● **EXERCISE PROMPT**: Copy out exactly the stretch below, from the line with "Once upon a" through the line with "Endkundenbemerkung: Die Angabe", both included; the pictures stay out.

● **RECORDS**:
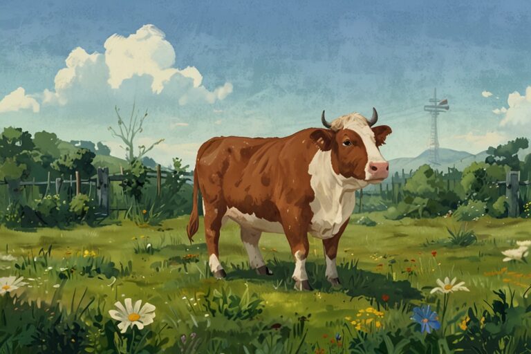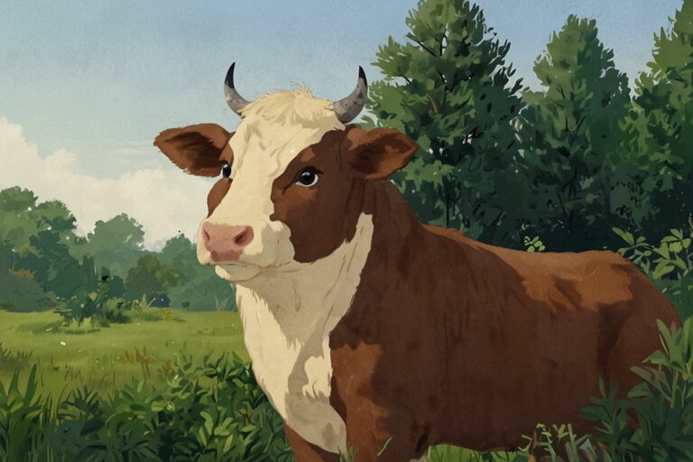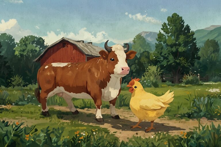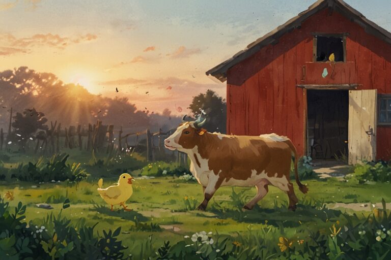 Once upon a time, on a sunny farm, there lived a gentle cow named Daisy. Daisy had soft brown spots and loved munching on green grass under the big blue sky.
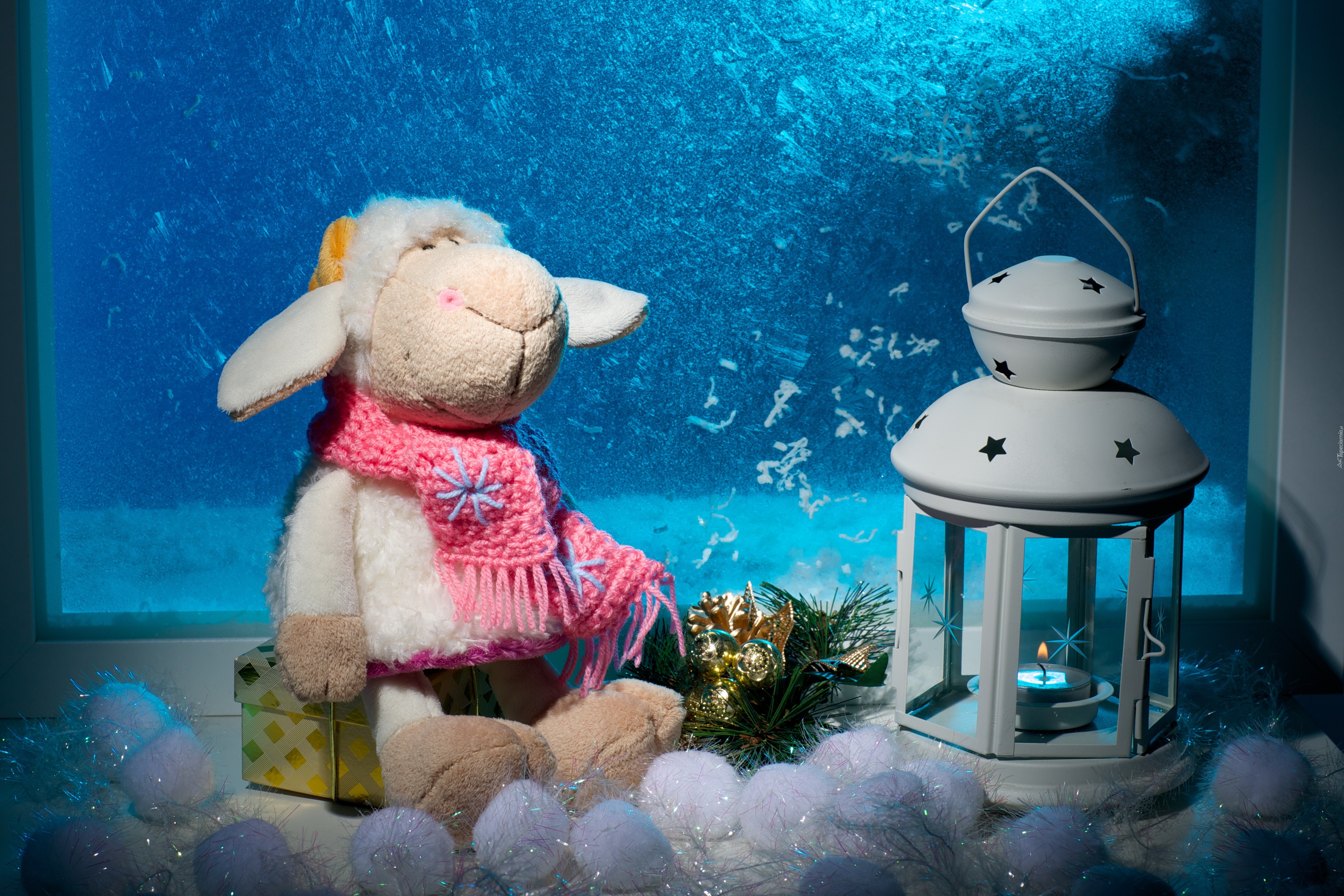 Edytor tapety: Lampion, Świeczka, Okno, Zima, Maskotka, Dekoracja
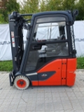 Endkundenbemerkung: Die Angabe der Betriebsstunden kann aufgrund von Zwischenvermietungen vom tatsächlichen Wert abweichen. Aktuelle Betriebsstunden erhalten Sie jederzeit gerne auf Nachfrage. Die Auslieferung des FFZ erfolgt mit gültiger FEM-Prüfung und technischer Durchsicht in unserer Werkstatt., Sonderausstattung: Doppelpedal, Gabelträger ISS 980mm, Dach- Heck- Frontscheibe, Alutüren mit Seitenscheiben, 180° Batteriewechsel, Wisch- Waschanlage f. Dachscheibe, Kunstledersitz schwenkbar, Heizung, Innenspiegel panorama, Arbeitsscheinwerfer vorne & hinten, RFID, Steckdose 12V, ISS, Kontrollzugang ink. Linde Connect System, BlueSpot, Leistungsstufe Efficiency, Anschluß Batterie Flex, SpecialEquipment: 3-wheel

---

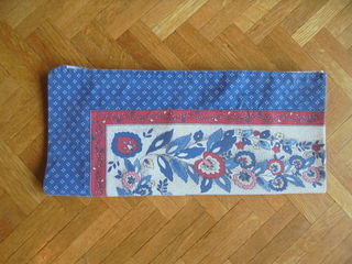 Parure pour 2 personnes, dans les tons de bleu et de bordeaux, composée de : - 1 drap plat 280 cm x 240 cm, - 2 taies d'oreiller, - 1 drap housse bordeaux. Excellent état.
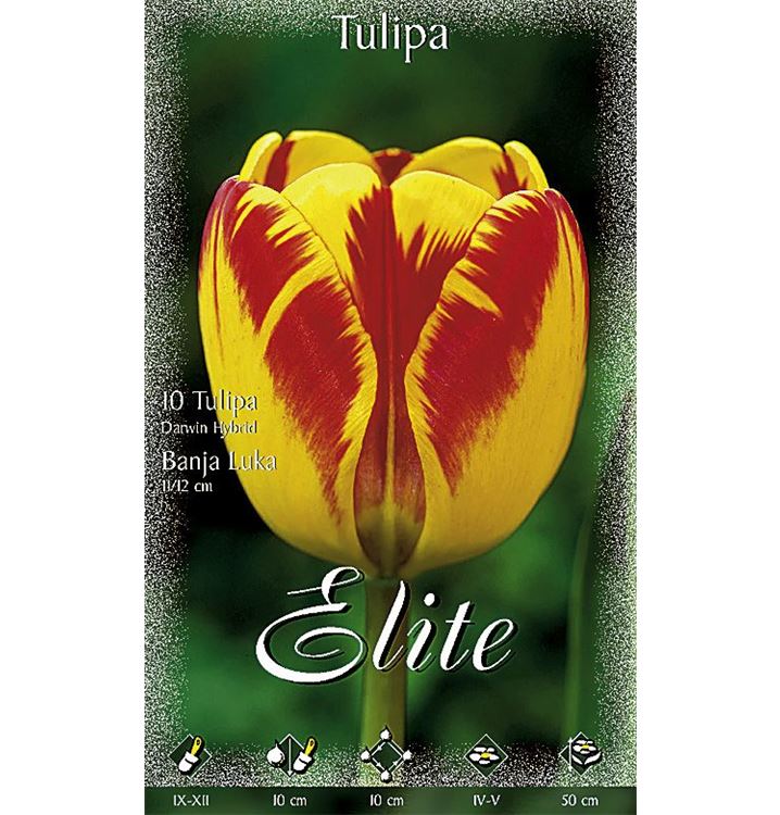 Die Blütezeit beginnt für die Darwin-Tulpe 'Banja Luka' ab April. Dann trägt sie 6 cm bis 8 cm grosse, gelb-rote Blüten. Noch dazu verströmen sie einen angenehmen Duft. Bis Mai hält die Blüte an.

● **EXERCISE RESPONSE**:
 Once upon a time, on a sunny farm, there lived a gentle cow named Daisy. Daisy had soft brown spots and loved munching on green grass under the big blue sky.
 Edytor tapety: Lampion, Świeczka, Okno, Zima, Maskotka, Dekoracja
 Endkundenbemerkung: Die Angabe der Betriebsstunden kann aufgrund von Zwischenvermietungen vom tatsächlichen Wert abweichen. Aktuelle Betriebsstunden erhalten Sie jederzeit gerne auf Nachfrage. Die Auslieferung des FFZ erfolgt mit gültiger FEM-Prüfung und technischer Durchsicht in unserer Werkstatt., Sonderausstattung: Doppelpedal, Gabelträger ISS 980mm, Dach- Heck- Frontscheibe, Alutüren mit Seitenscheiben, 180° Batteriewechsel, Wisch- Waschanlage f. Dachscheibe, Kunstledersitz schwenkbar, Heizung, Innenspiegel panorama, Arbeitsscheinwerfer vorne & hinten, RFID, Steckdose 12V, ISS, Kontrollzugang ink. Linde Connect System, BlueSpot, Leistungsstufe Efficiency, Anschluß Batterie Flex, SpecialEquipment: 3-wheel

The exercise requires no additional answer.